Insider holdings were affected by a merger under an Agreement and Plan of Merger dated August 20, 2025. On February 4, 2026, a Dayforce Bidco, LLC subsidiary merged into Dayforce, making Dayforce a wholly owned subsidiary and triggering cancellation and cash conversion of equity awards.
How were unvested RSUs treated in the Dayforce (DAY) merger?
Each unvested restricted stock unit was canceled at the merger’s effective time and replaced with a cash right. That right equals the number of RSU shares multiplied by the $70.00 merger consideration, generally subject to the same vesting terms and conditions as the original RSUs.
How were performance stock units (PSUs) handled for Dayforce (DAY) insiders?
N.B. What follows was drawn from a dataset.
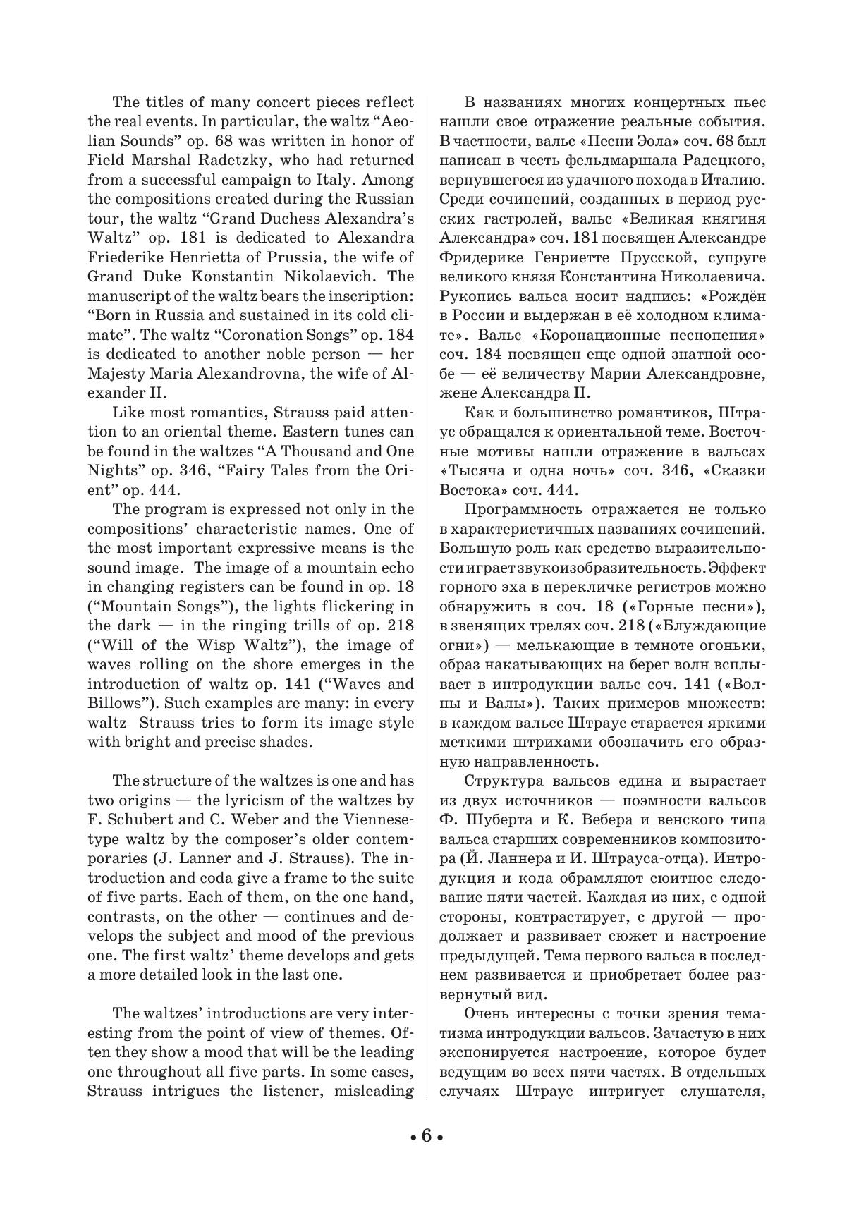 В настоящей серии планируется публикация наиболее полного собрания вальсов Штрауса в переложении для фортепиано. Один из 12 вальсов настоящего выпуска был посвящен жене великого князя во время пребывания Штрауса в России.

Certified but unvested PSUs were canceled and replaced with cash rights equal to the certified share count times $70.00. Unvested PSUs without certification were converted based on 100% target performance levels, also multiplied by $70.00, with replacement cash amounts typically following prior vesting terms.
Did Samer Alkharrat retain any Dayforce (DAY) equity after the merger?
Following the February 4, 2026 merger transactions, the Form 4 shows Samer Alkharrat holding zero shares of common stock and zero performance units. His previously held common shares and performance-based awards were canceled and converted into cash rights under the merger consideration structure.